Monday, March 30, 2009

Post Camp Recovery

Okay, I've decided to skip the Spring Fling Camp report as we've all read enough crappy camp and race reports. I've only ever read one that I found entertaining in all my years. For what it's worth, I choose my reading material based on these three premises:

1) That it is enlightening
2) That it is entertaining
3) That it is inspiring

After years of competing in sports at an elite level I've met less than four athletes or coaches who have shown capacity for these three virtues (or even one of them for that matter), much less possess the aptitude to write in such a manner. Not that I claim to! I am the epitome of the dumb jock, only dumber. See?

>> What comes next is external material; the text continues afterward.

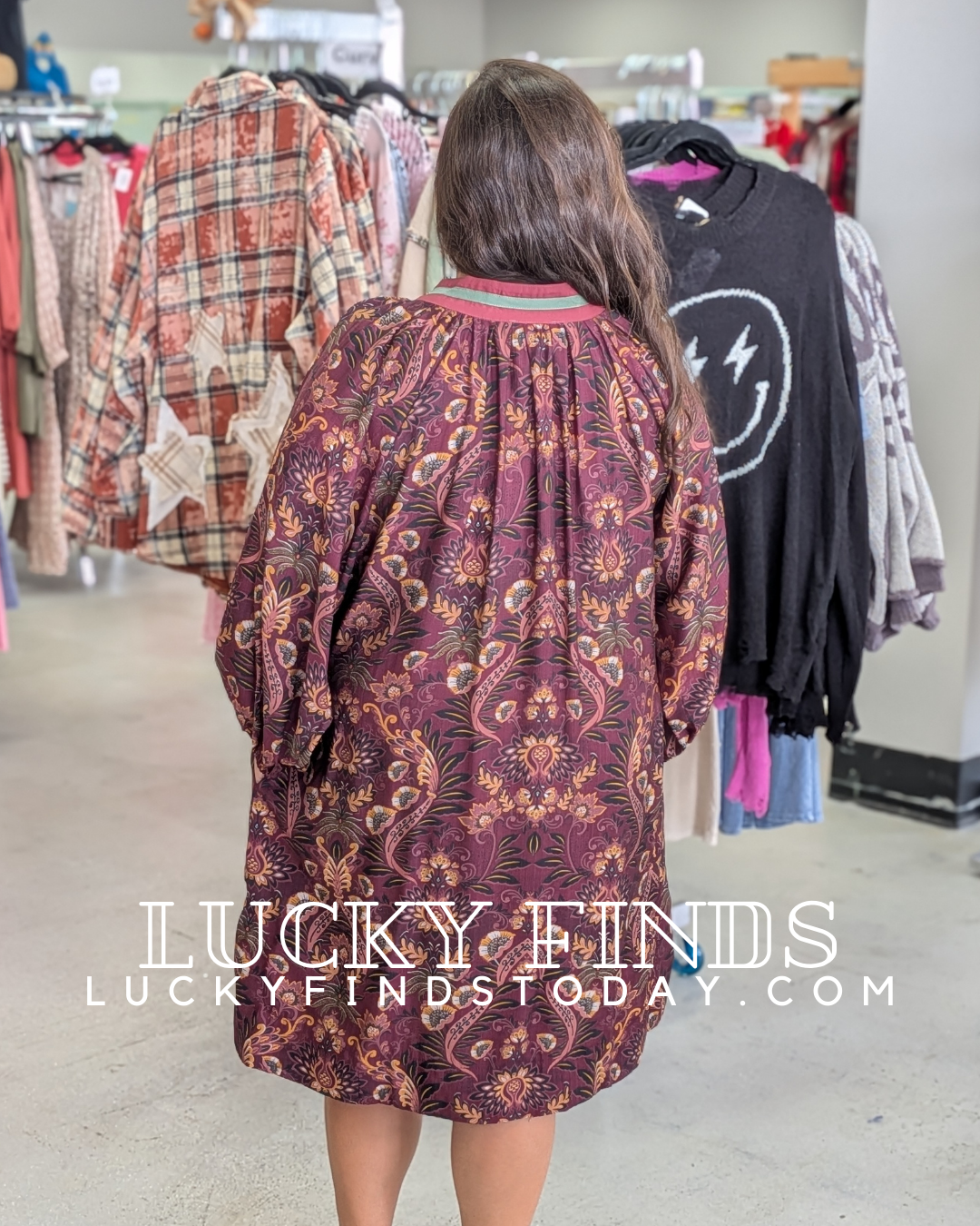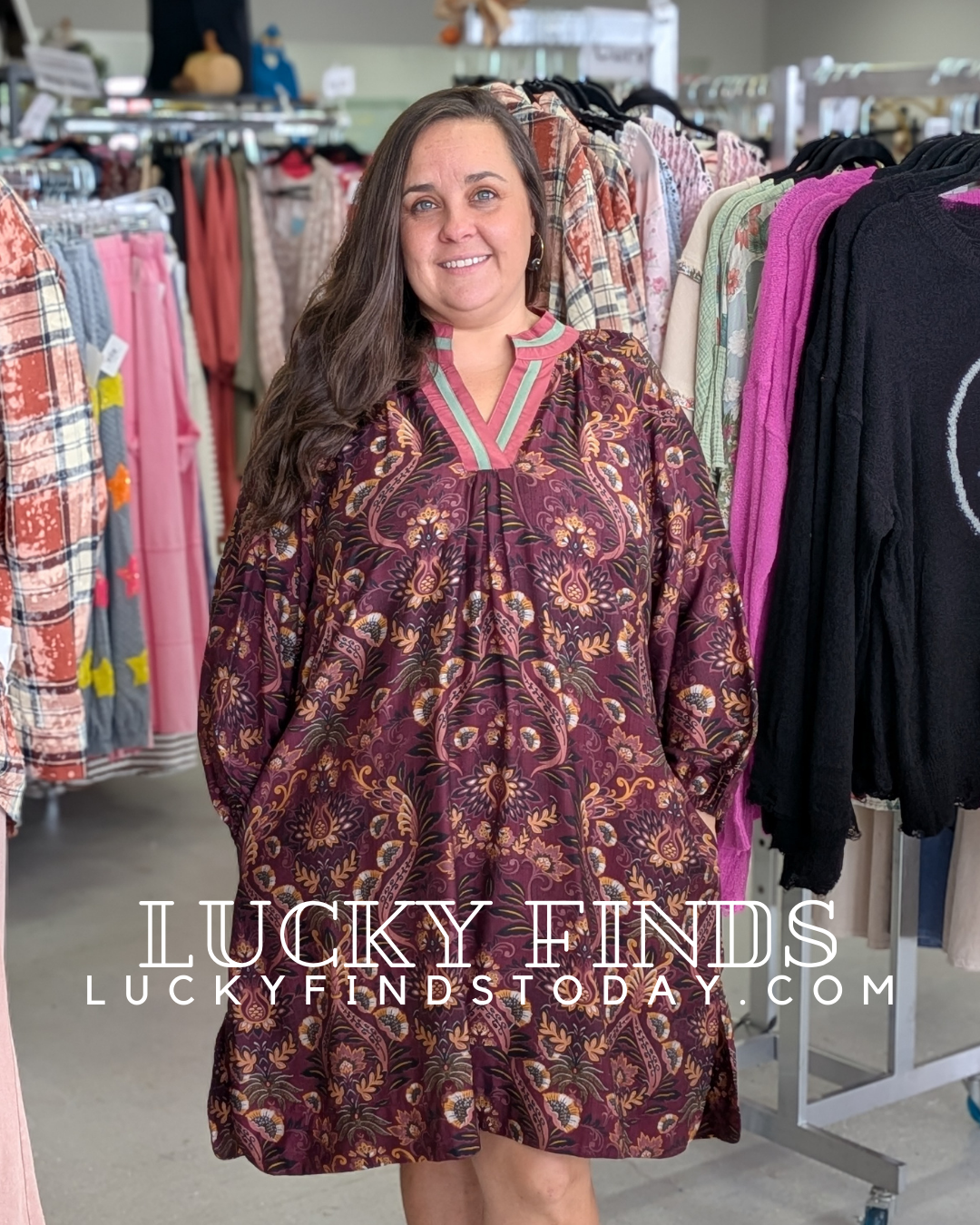 Elegant Floral Damask Print Collared Dress w V-neckline, Contrast Piping, Long Balloon Sleeve w Elastic Ruffle Cuff

Anyway, regarding the camp, I could fill you in about the glorious conditions throughout that week and the near record temperatures. I could also tell you about Dr PZ Pearce's phenomenal presentation or even about how our collective group rode every single ride faster than they ever have (three-quarters of our participants return each year). I could tell you about the flowers in full bloom, and where entire mountainsides were ablaze in orange and purple. But I won't bore you with all that, no.

Instead I'll focus on what I do best.

Wait! I have no idea what I do best! I don't even know if I do anything best.

Well, never mind then. I'll just respond to an inquiry I've recently received, as it relates to post-camp (or post-big-training-week) recovery...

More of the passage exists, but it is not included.